Re: grouping array

pkilambi@gmail.com wrote:
> hi if I have an array
>
> say x = [[2,2,0,0,1,1],
> [1,1,0,0,1,1],
> [1,1,0,0,1,1]]
> I basically want to group regions that are non zero like I want to get
> the coordinates of non zero regions..as (x1,y1,x2,y2)
> [(0,0,2,1),(0,4,2,5)] which show the top left(x1,y1) and bottom
> right(x2,y2) corners of each group.hope i am clear.
>
> Thanks
>
How about this:

def getregions(grid):
     """Yield lists of adjancent points, not necessarily rectangular"""
     adj = [(-1,0),(+1,0),(0,-1),(0,+1)] # horizontal and vertical adjacencies
                                         # could add diagonals

     points = set((y,x) for y, row in enumerate(grid)
                            for x, cell in enumerate(row)
                                if cell)

     while points: # set of (y,x) non-zero points
         region = [points.pop()] # start a new region with any remaining point
         ptr = 0
         while ptr < len(region):
             y, x = region[ptr]
             adjpoints = set((y + j, x + i) for j, i in adj)
             adjpoints &= points # keep only the non-zero, unseen points
             points -= adjpoints # remove these adjancencies from points
             region.extend(adjpoints) # add them to the region
             ptr += 1
         yield region

def getregioncoords(grid):
     """Get top left and bottom right of *rectangular* regions"""
     regions = getregions(grid)
     return [(reg[0], reg[-1]) for reg in regions if reg.sort() or True]

>>> x = [[2,2,0,0,1,1],
  ... [1,1,0,0,1,1],
  ... [1,1,0,0,1,1]]
  ...
  ...
>>> getregioncoords(x)
  [((0, 0), (2, 1)), ((0, 4), (2, 5))]
>>> x = [[1,0,1,0,1]]
>>> getregioncoords(x)
  [((0, 0), (0, 0)), ((0, 2), (0, 2)), ((0, 4), (0, 4))]
>>> x = [[random.choice([0,1,2]) for x in range(6)] for y in range(6)]
>>> pprint.pprint(x)
  [[1, 1, 2, 1, 2, 0],
   [2, 0, 0, 2, 0, 1],
   [1, 2, 2, 0, 2, 0],
   [0, 1, 0, 0, 0, 0],
   [2, 0, 0, 1, 1, 0],
   [2, 2, 2, 0, 1, 0]]
>>> print "\n".join(str(reg) for reg in getregions(x))
  [(0, 1), (0, 0), (0, 2), (1, 0), (0, 3), (2, 0), (1, 3), (0, 4), (2, 1), (3,
1), (2, 2)]
  [(5, 4), (4, 4), (4, 3)]
  [(5, 0), (5, 1), (4, 0), (5, 2)]
  [(1, 5)]
  [(2, 4)]
>>>

Unfortunately, it's rather slow.
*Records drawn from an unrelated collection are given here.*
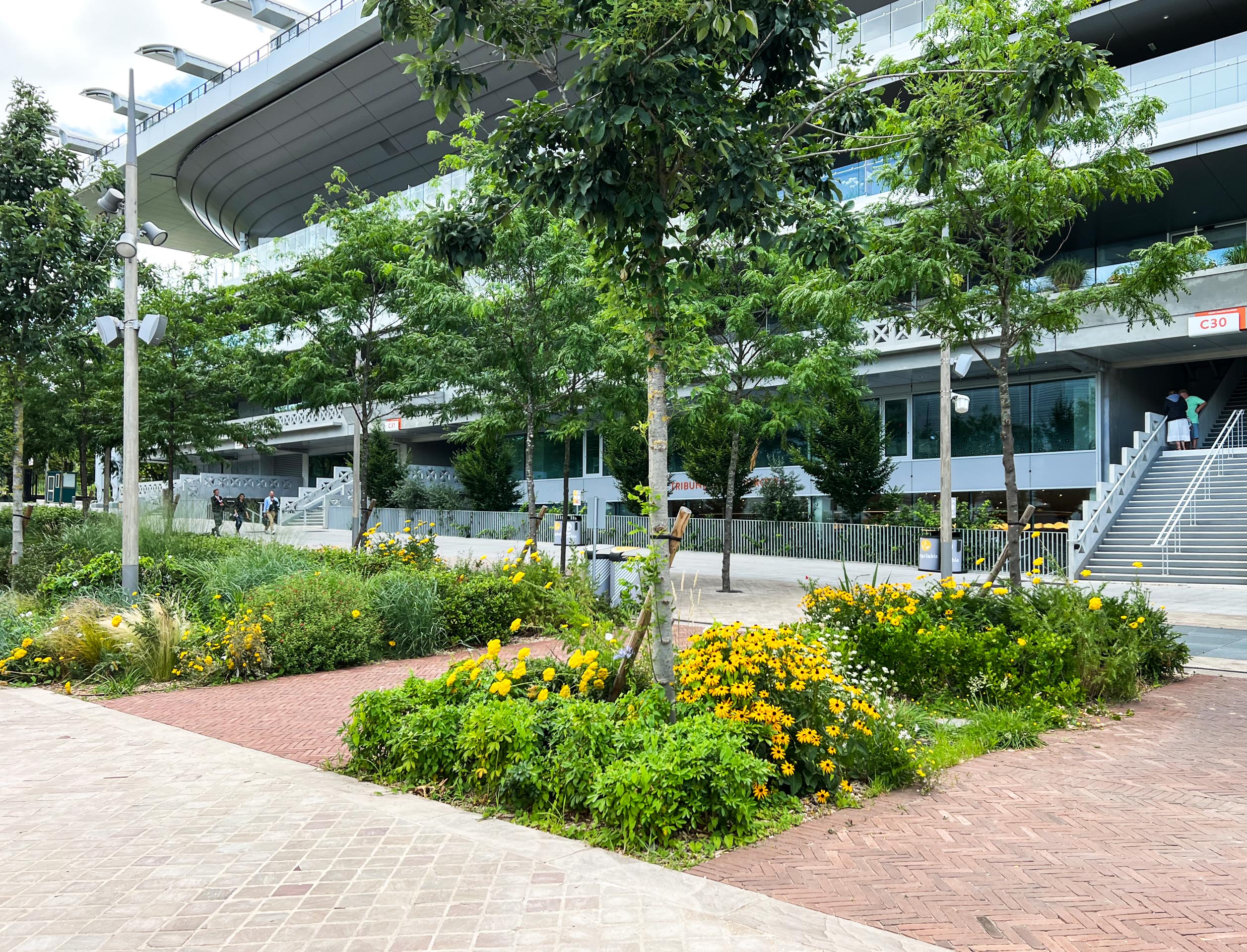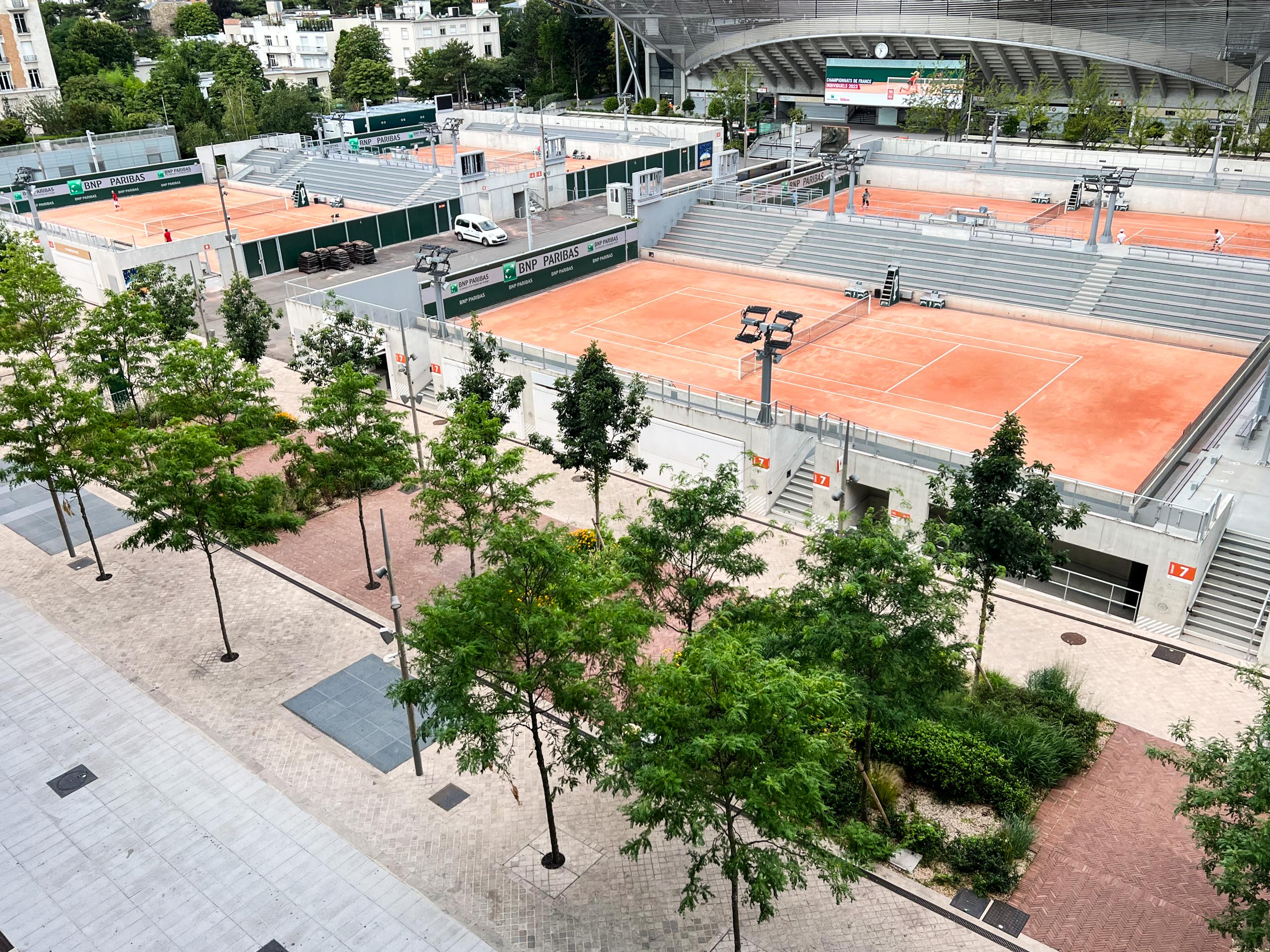 Het doel van de modernisering van de Place des Mousquetaires was het herstel van het federale paviljoen naar zijn oorspronkelijke staat. Er is één hectare groene ruimte gecreëerd waar de kleiklinkers gebruikt werden voor de verharde paden, net vóór de beroemde Philippe Chatrier court. Deze plaats biedt niet alleen een visueel aantrekkelijk landschap, maar ook functionele paden die bezoekers door het groene terrein leiden. De grote 'Pelouse des Mousquetaires' is nu een aangelegde groene zone die zowel spelers als toeschouwers uitnodigt om te genieten van een groene oase midden in de stad.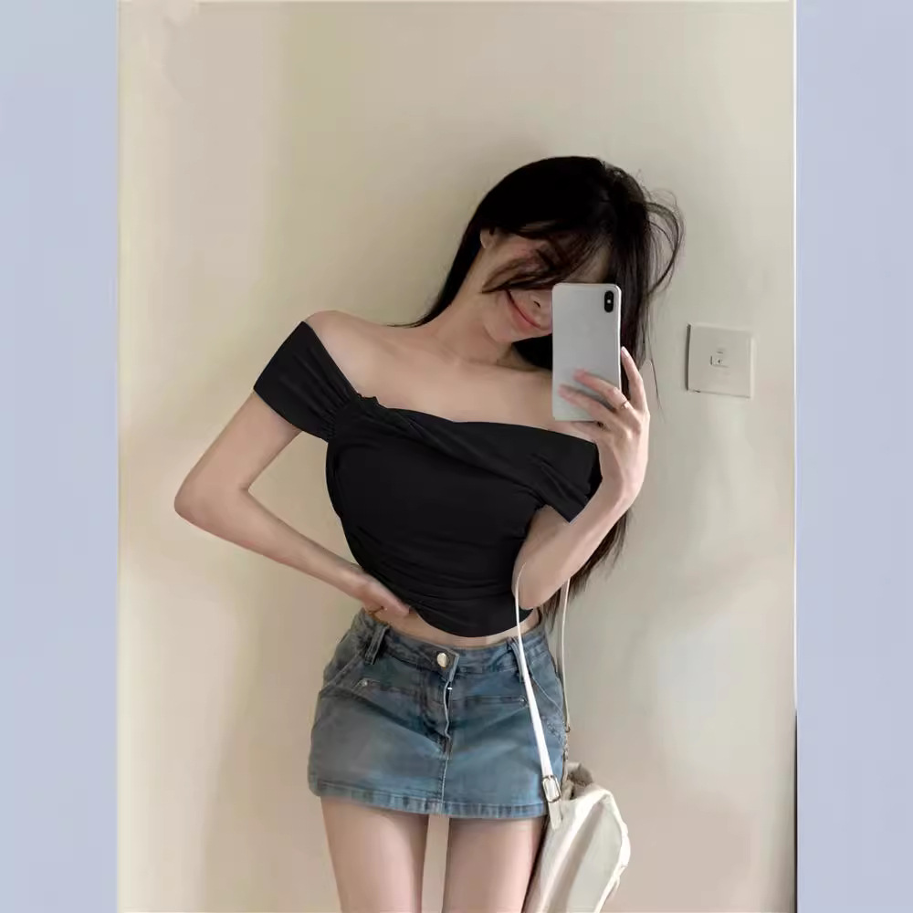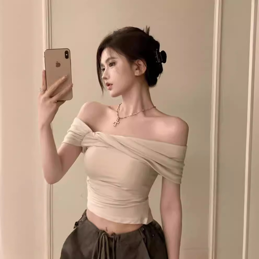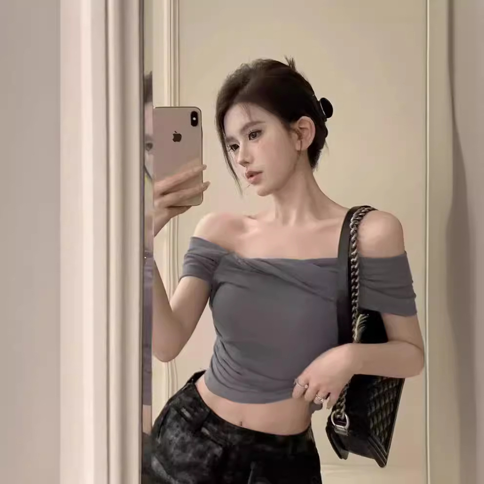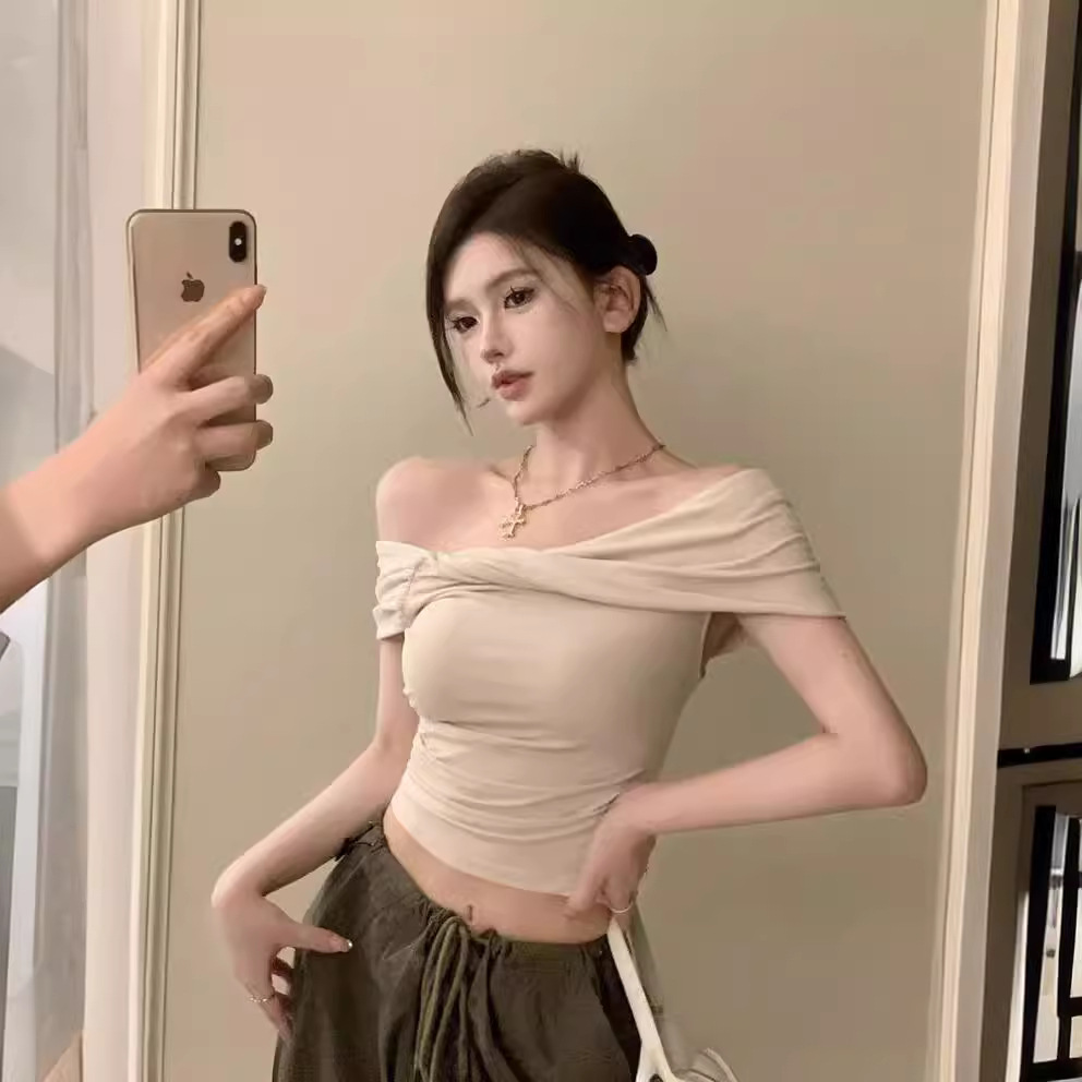 扭结一字肩短袖T恤女夏季纯欲辣妹内搭漏肩紧身别致短款上衣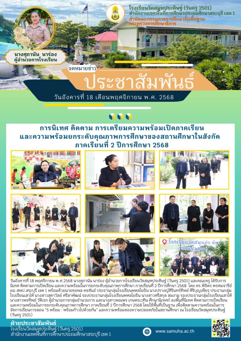 กิจกรรมของเรา การนิเทศ ติดตามการเปิดเรียน และความพร้อมในการยกระดับคุณภาพการศึกษา ภาคเรียนที่ 2 ปีการศึกษา 256818 พฤศจิกายน 202518 พฤศจิกายน 2025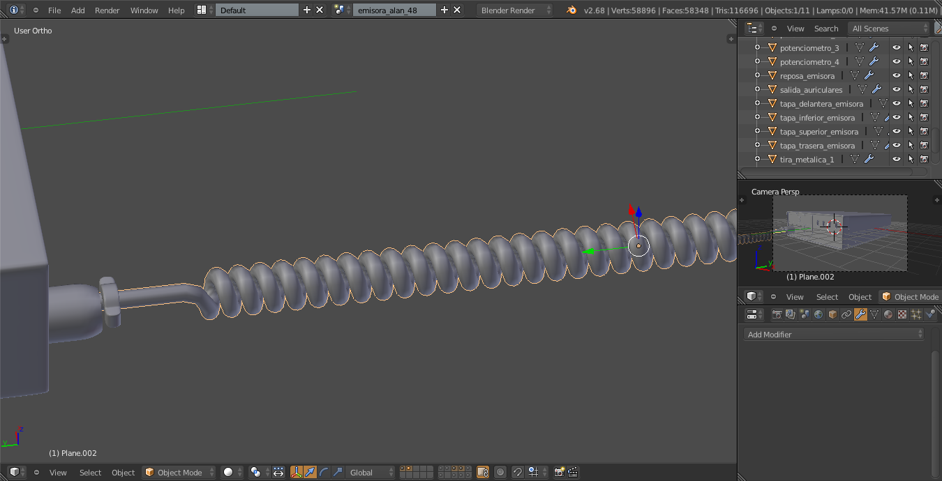 Otro ratio de modelado y ya va quedando menos del protagonista de la escena. El micro, los cables de alimentación y antena, y seguro que algunos retoques me quedan.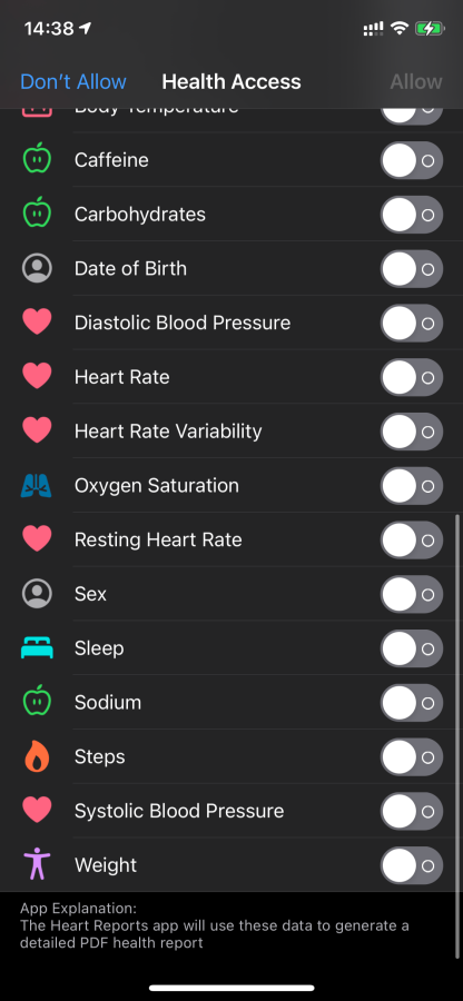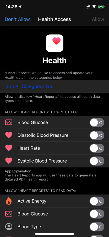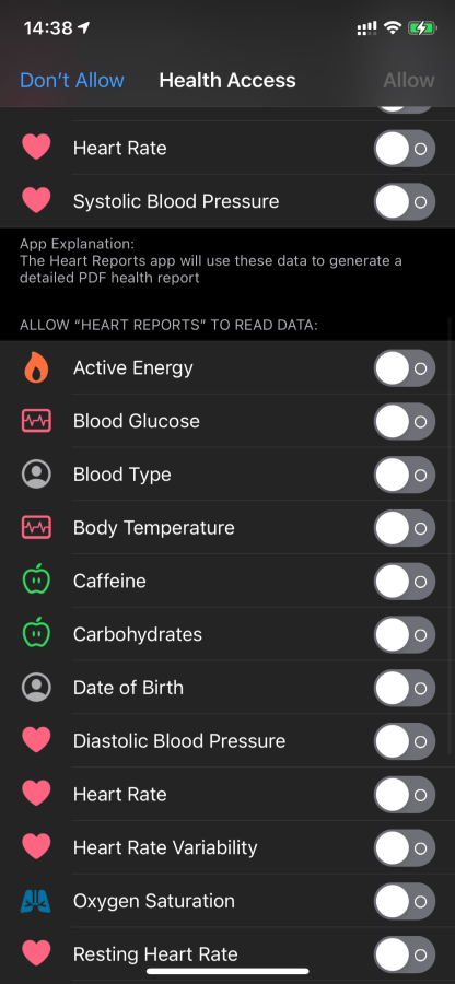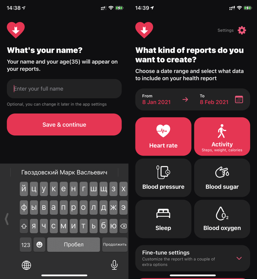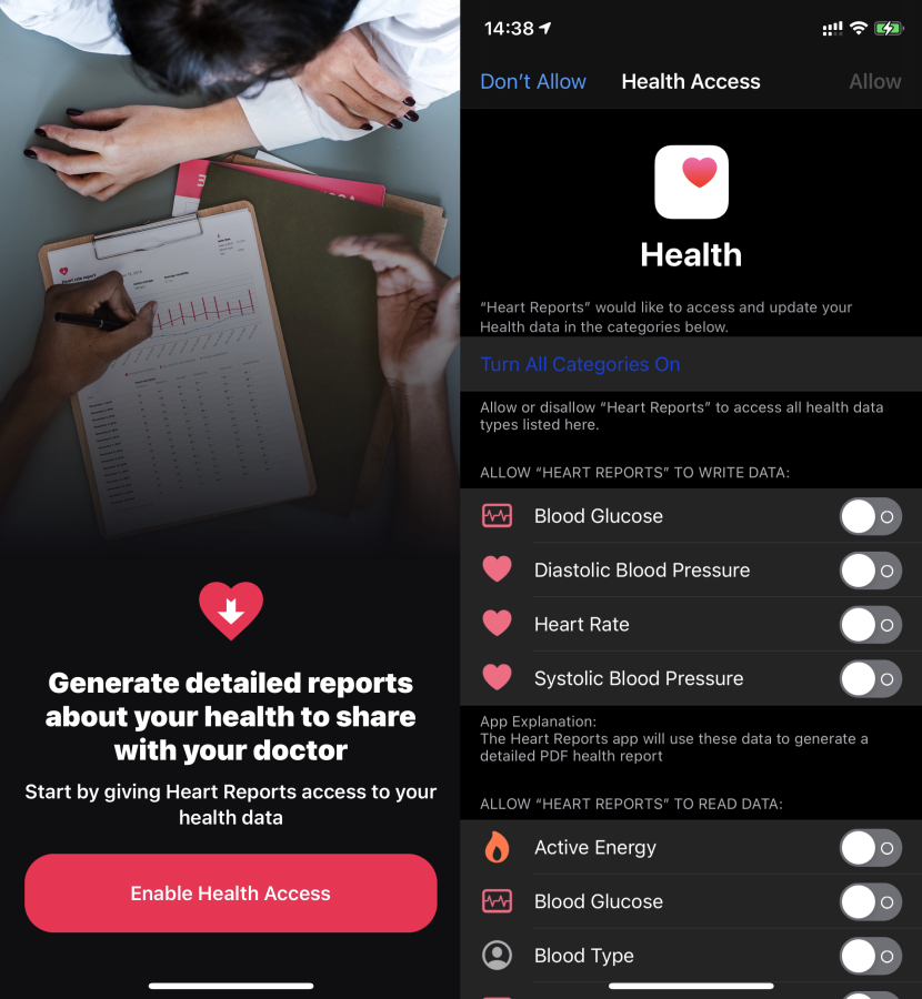 При первом запуске Heart Reports нужно предоставить доступ к данным о здоровье и выбрать какие типы данных нужно собирать.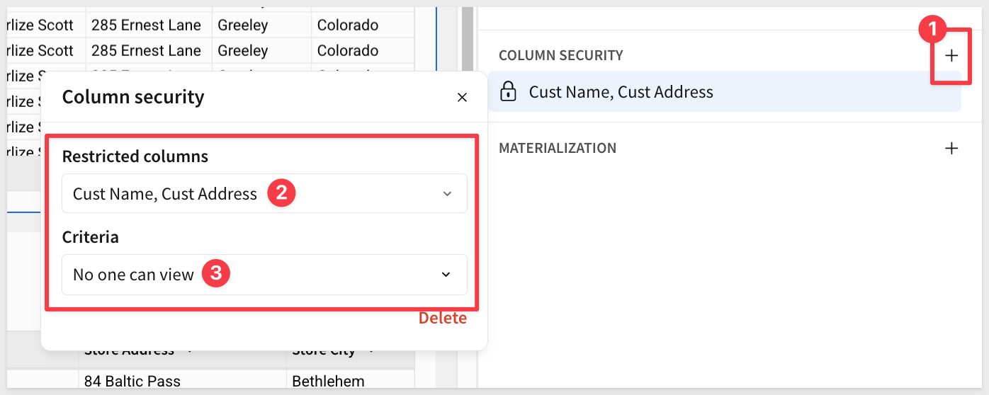 Cust Name and Cust Address columns are present in our table. This is against the use case policy described earlier and we'll need to fix it. Hiding the columns is not sufficient and we will correct this shortly: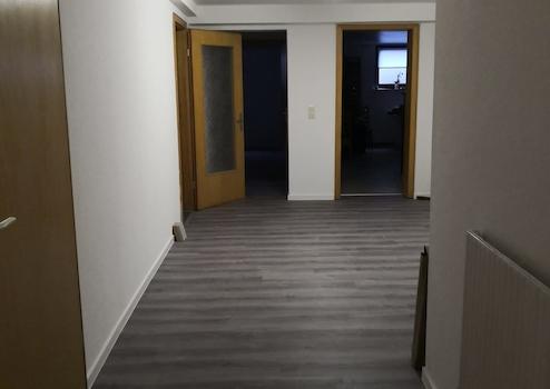 Hinzu kommt ein mittlerweile zum "Souterrain" ausgebauter KG-Bereich: 2 Zimmer / Küche / Bad (Dusche m. Tageslicht) / ca. 75 m². Die weiteren Kellerräume verfügen zudem noch über weitere ca. 61 m². Das Badezimmer, die Küche, das Schlafzimmer und die Diele und Flure sind komplett neu (Ende 2024)!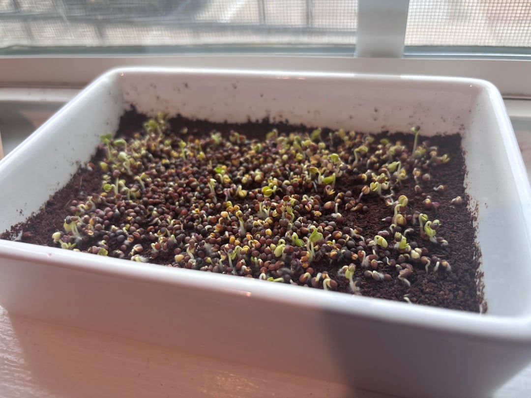Ich habe es vor allem aus Neugier bei Target gekauft, wollte aber wissen, ob es hier schon jemand gekauft hat. Es begann innerhalb weniger Tage zu wachsen und es heißt, es enthält Grünkohlsamen, Kohlsamen, Brokkolisamen und einen, an den ich mich nicht mehr ganz erinnere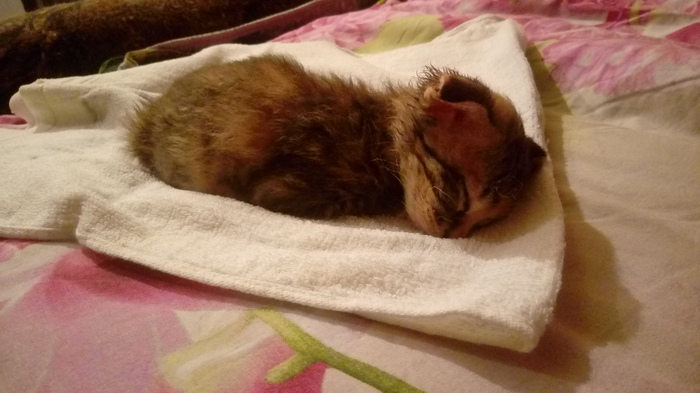 Ну и вот опять... Что ж делать. Забрал! Мелкая совсем, месяца полтора. Спала не просыпаясь всю ночь до утра.

This one is much faster, using just one data
structure

def getregions2(grid):
     """Yield lists of adjancent points, not necessarily rectangular"""
     adj = [(-1,0),(+1,0),(0,-1),(0,+1)] # horizontal and vertical adjacencies
                                         # could add diagonals
     rows = len(grid)
     cols = len(grid[0])
     griddata = []
     for row in grid:
         griddata.extend(row)
     for y in xrange(rows):
         ybase = y * cols
         for x in xrange(cols):
             if griddata[ybase + x]:
                 griddata[ybase + x] = 0
                 region = [(y, x)]
                 append = region.append
                 ptr = 0
                 while ptr < len(region):
                     y1, x1 = region[ptr]
                     for j, i in adj:
                         y2, x2 = y1 + j, x1 + i
                         if y2 < 0 or y2 == rows: continue
                         if x2 < 0 or x2 == cols: continue
                         if griddata[y2 * cols + x2]:
                             append((y2, x2))
                             griddata[y2 * cols + x2] = 0
                     ptr += 1
                 yield region

Michael
Received on Sat Oct 15 03:58:36 2005